Officer Jim Mulhern crept along with his weapon drawn. No matter how quiet he attempted to be, the sound of crunching leaves and twigs was unavoidable. His partner, Darnell Frost, was having the same issue.
“We know you’re out here,” Frost called. “All we want is to ask you a couple of questions.”
Mulhern was slightly aggravated that Frost had chosen to shout, though the noise from their footsteps would have given away their presence.
Even in the daytime, the woods were a creepy place, especially for a couple of city slickers like these two policemen. Neither had any inkling as to why they were assigned this particular duty; in their minds, it would have made more sense to send a patrol from one of the nearby shitsplat towns who knew the rural areas better.
“You’ll make things a lot easier for everyone if you just show yourself,” Mulhern said aloud.
“How, pray tell, does it make things easier for me?”
The reply reverberated through the trees, causing both men to start and raise their weapons.
“Make yourself visible and we can talk it over.”
“Oh no. The way I see it is I have nothing to answer to where the law is concerned. I’ll come out when you tell me what you want.”
“We need to ask you some questions about the disappearance of a David McGee.”
“I’ve never heard of him!”
“Come now, Mr Rivera,” Frost said irritably. “Your address was his last known whereabouts. His car was outside your home.”
“McGee was an IRS enforcement officer,” Mulhern added.
A wild and unkempt man stepped from behind a nearby tree and laughed teasingly. “Oh, him? The man who trespassed on my property and threatened to take my home from me if I didn’t pay what I owed? He fled the moment I warned him not to piss me off!”
“He hasn’t been seen since.”
“Why would that be my problem?”
“Mr Rivera, did you murder David McGee?”
“If a man chooses to go running off into the countryside, I’d say that was suicide.”
“For what reason would a man run off into the woods rather than back to his own car to escape?” Mulhern was getting irritated. “You’re going to have to come with us and answer a few questions down at the station.”
“Are you going to arrest me? If so, under what charge?”
“We don’t have to arrest you unless you fail to comply,” Frost answered.
“I see no good reason why I must come to the station with you. I can answer your questions right where we are.”
Mulhern raised his pistol again. “You’re starting to piss me off Rivera!”
Frost stepped ahead of Mulhern and spread his arms. “Surely, you can see how suspicious this looks. We have an obligation to question people in a missing person scenario. I can empathise with how you must have felt. You’ve been living out here a few years in perfect isolation when, out of nowhere, some IRS inspector comes a-knocking, saying you owe money. I’d have felt angry too.”
“You want me to confess to the murder of David McGee… right?”
“We want to know what happened. If you murdered him then a confession makes things easier on everyone.”
“And if I confess?”
“You’ll be arrested and punished to the full extent of the law. Your sentence may be less severe if you plead guilty.”
“What if I were to tell you I didn’t murder him? That I was only an accomplice?”

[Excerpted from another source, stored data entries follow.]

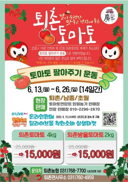 ‘토마토 팔아주기 운동’은 오는 13일부터 26일까지 14일간 진행되며 행사기간 동안 퇴촌토마토 4㎏ 1만5천원, 퇴촌방울토마토 2㎏을 1만5천원에 판매한다.
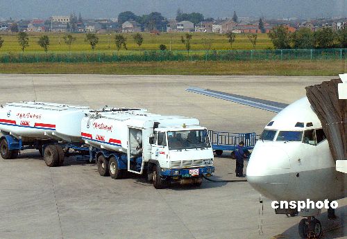 2005年6月3日,據(jù)民航總局披露,中國三大航空公司——國航、東航、南航提出的在機(jī)票中增加燃油附加費(fèi)的申請(qǐng)被有關(guān)部門正式駁回。上月中旬,國航、東航、南航三大航空巨頭共同向國家發(fā)改委申請(qǐng)了征收約占機(jī)票價(jià)格10%的燃油附加費(fèi)。民航總局有關(guān)負(fù)責(zé)人表示,盡管目前燃油價(jià)格居高不下,但由于2004年4月份《民航國內(nèi)航空運(yùn)輸價(jià)格改革方案》中已經(jīng)明文取消了燃油附加費(fèi),因此三大航空公司的申請(qǐng)不被接受。圖為寧波櫟社機(jī)場(chǎng)一輛加油車正在為飛機(jī)加油。作者:張和平
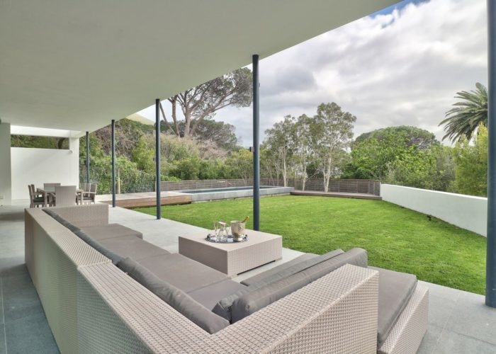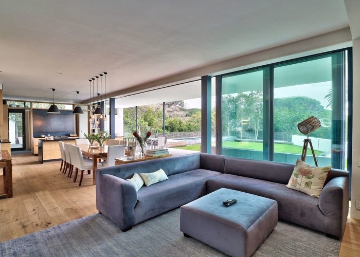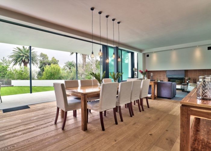 The indoor and outdoor living areas flow together seamlessly and spill out into the garden and the swimming pool deck beyond.

“Stop the fucking games!” Mulhern yelled. “Get your ass to the car!”
A snarling sound made itself heard no sooner had Mulhern finished his ranting and both of the police officers turned their heads in the general direction of it. The sight of a grey wolf caused them to swing their weapons that way. Then the sound of creeping footsteps behind made them sweep around again. In less than ten seconds, they realised a full pack of wolves had them surrounded on one side while the largest of them appeared at Rivera’s side.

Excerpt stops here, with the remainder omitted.